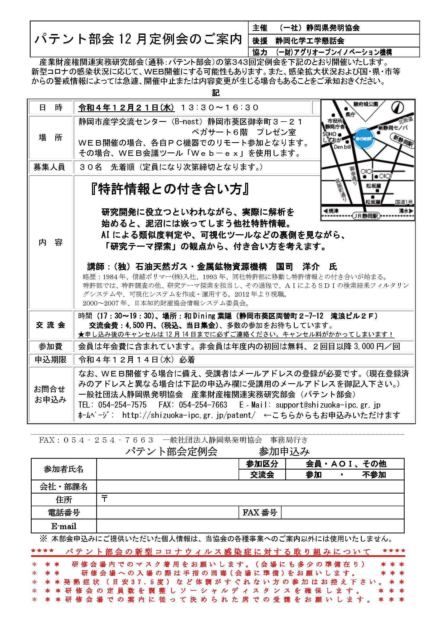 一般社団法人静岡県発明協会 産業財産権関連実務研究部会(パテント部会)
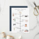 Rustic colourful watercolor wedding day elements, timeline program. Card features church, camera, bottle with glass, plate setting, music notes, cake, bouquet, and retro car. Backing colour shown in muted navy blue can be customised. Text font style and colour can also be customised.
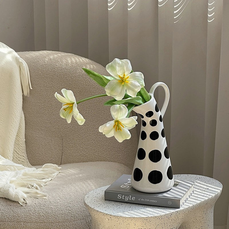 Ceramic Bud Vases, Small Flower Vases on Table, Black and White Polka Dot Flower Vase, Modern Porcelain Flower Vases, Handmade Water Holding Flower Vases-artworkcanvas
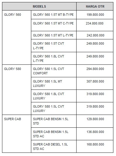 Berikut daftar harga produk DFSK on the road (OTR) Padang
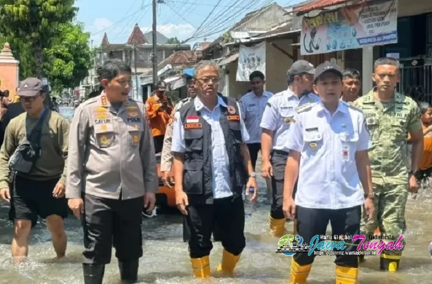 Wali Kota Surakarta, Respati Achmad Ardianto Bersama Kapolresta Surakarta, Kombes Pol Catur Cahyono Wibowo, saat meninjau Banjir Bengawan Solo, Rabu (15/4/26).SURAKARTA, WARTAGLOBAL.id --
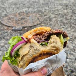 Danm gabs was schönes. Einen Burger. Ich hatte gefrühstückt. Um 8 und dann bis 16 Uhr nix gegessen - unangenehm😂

==================================================

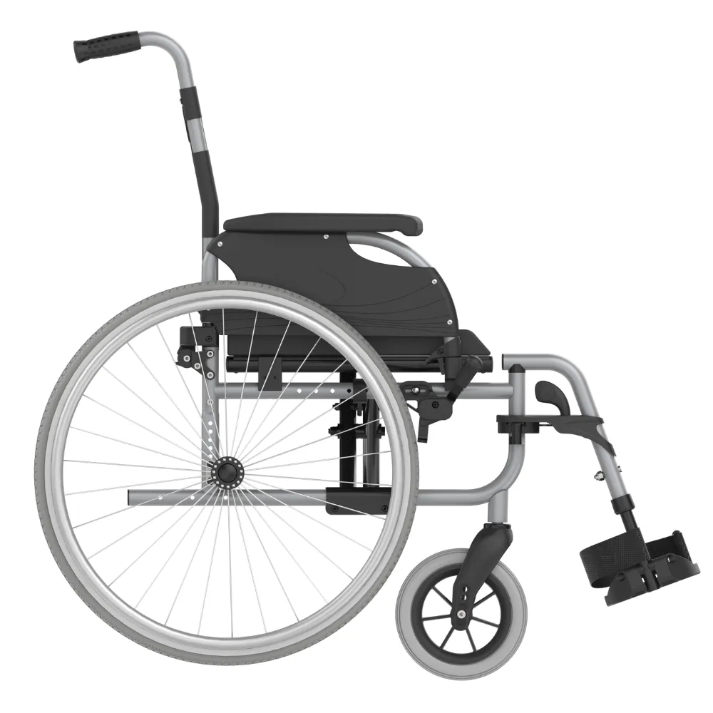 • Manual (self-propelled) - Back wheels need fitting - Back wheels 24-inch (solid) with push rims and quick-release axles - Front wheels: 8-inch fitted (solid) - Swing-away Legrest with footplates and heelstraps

==================================================

§ Exercise directions:
In the records above, find the line with "一般社団法人静岡県発明協会 産業財産権関連実務研究部会(パテント部会)" and the line with "Wali Kota Surakarta, Respati"; please transcribe exactly those two lines and all lines between them, omitting any picture.

§ Solution below:
 一般社団法人静岡県発明協会 産業財産権関連実務研究部会(パテント部会)
 Rustic colourful watercolor wedding day elements, timeline program. Card features church, camera, bottle with glass, plate setting, music notes, cake, bouquet, and retro car. Backing colour shown in muted navy blue can be customised. Text font style and colour can also be customised.
 Ceramic Bud Vases, Small Flower Vases on Table, Black and White Polka Dot Flower Vase, Modern Porcelain Flower Vases, Handmade Water Holding Flower Vases-artworkcanvas
 Berikut daftar harga produk DFSK on the road (OTR) Padang
 Wali Kota Surakarta, Respati Achmad Ardianto Bersama Kapolresta Surakarta, Kombes Pol Catur Cahyono Wibowo, saat meninjau Banjir Bengawan Solo, Rabu (15/4/26).SURAKARTA, WARTAGLOBAL.id --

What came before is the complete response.